Previous reports showed that AF was prevalent in patients with CKD who had a poor prognosis, and AF patients on maintenance dialysis were also reported to have a poor prognosis [19–21]. In the previous study, AF was independently associated with higher rates of all-cause mortality [16,22]. CKD is affected by numerous risk factors, and severe co-morbidities such as diabetes, hypertension, and concomitant cardiac diseases such as cardiomyopathies and myocardial infarction must, of course, result in worse outcomes. We investigated the outcome of NAF among advance CKD patients with and without dialysis using the National Health Insurance Research Database. The groups of dialysis patients with AF presented with the highest crude mortality rates 18.0 (95% CI 15.4–21.2), and when compared with the groups of Non-dialysis patients without AF, the adjust HR was 3.466 (95% CI 2.9–4.1). AF was associated with a higher rate of heart failure, which was identified as a significant predictor of mortality , while the specific cause of death was not reviewed in our study. In advanced CKD, NAF was associated with a high rate of mortality in the Non-dialysis group. CKD and AF are both associated with a lower quality of life; increased hospitalization rates; and a greater risk of heart failure, stroke, and total mortality. AF and CKD often co-exist; each condition predisposes to the other, and the co-occurrence of these disorders worsens the prognosis relative to either disease alone .
The adjusted HR of mortality for co-existing AF was 1.8 (95% CI 1.5–2.2) in the Non-dialysis subset; however, a lower aHR of 1.4 (95% CI 1.1–1.6) was estimated in the dialysis subset.

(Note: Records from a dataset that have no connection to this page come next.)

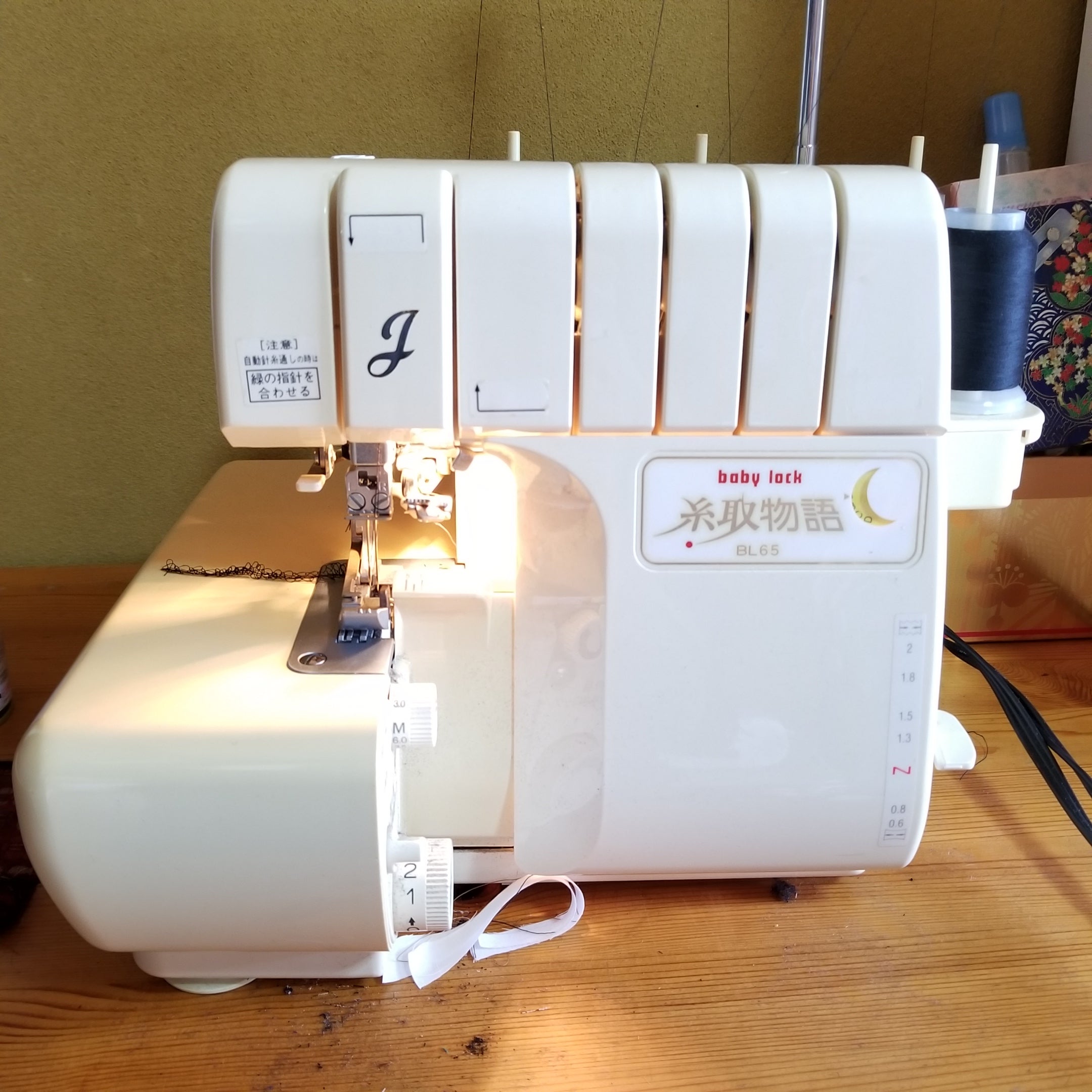 JUKI職業用ミシンとベビーロックの糸取物語の4本糸です。
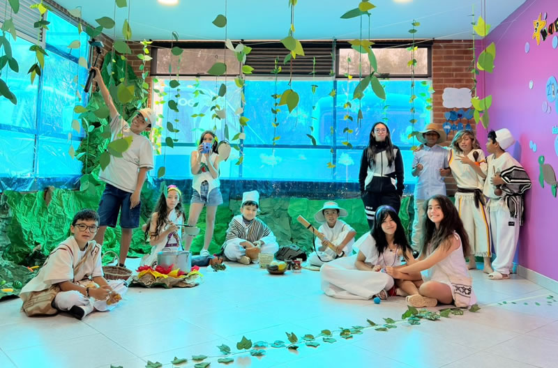 Nuestros proyectos artísticos y culturales son el alma de la expresión en el colegio, donde el talento de cada estudiante encuentra un escenario para brillar. A través del teatro y la danza, los alumnos exploran el lenguaje del cuerpo y la voz, desarrollando una confianza y empatía que solo las artes escénicas pueden brindar al ponerse en los zapatos de otros. Por su parte, las artes plásticas permiten capturar la esencia de nuestra sede campestre en lienzos y esculturas, transformando la observación de la naturaleza en piezas únicas que reflejan la visión personal de nuestros jóvenes artistas.
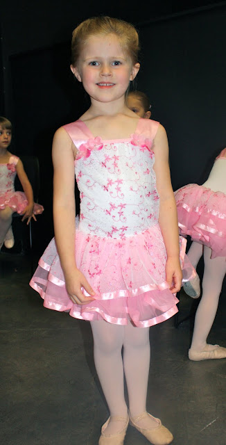 Thankfully her hair stayed during the recital. It wasn't long enough for a bun, but we pulled it back with a french braid and lots and lots of hairspray! It gradually fell throughout the evening!
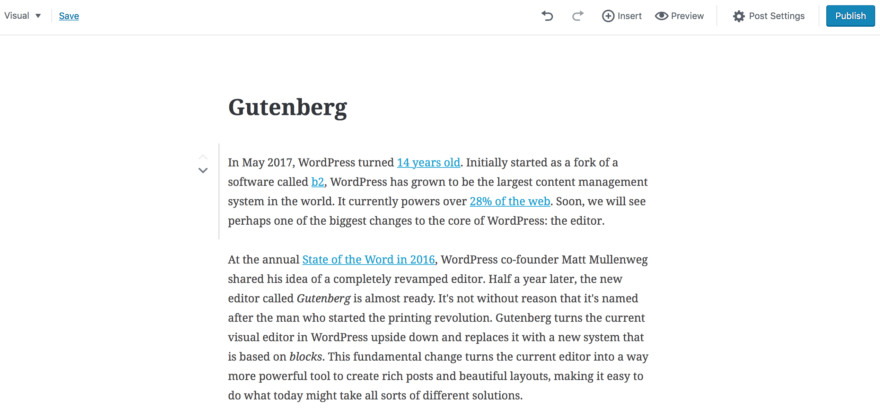 On May 2017, WordPress turned 14 years old. Initially started as a fork of a software called b2, WordPress has grown to be the largest content management system in the world. It currently powers over 28% of the web. Soon, we will see perhaps one of the biggest changes to the core of WordPress: the editor.

Thus, dialysis is not risky for CKD patients with NAF.
It is also possible that hemodialysis patients present for medical care much more frequently, and asymptomatic AF is more readily detected in them. In advanced CKD patients with significant co-morbidities, clinicians need to consider whether dialysis offers a sufficient survival benefit for it to be a standard treatment, in view of the superior physical status of patients on dialysis. The retrospective nature of this study did not allow performance scores or other indicators of physical status to be collected, although this is an important consideration for future prospective work.
Some limitations of this study need to be emphasized. First, the present study was observational and not randomized; therefore, reported associations should not be construed as causative. Second, we were unable to follow changes in variables over time. Therefore, we could not follow changes in blood pressure, laboratory values, dialysis adequacy, or medications.
In summary, CKD was associated with an increased prevalence of AF in this large, population-based sample of Taiwanese, and NAF is associated with greater total mortality. The occurrence of AF increased the risk of mortality independently in non-ESRD and ESRD with and without dialysis. Dialysis offers a sufficient survival benefit in patients with CKD and NAF. Thus, dialysis to be considered as a standard treatment, as indicated by the superior physical status of patients on dialysis.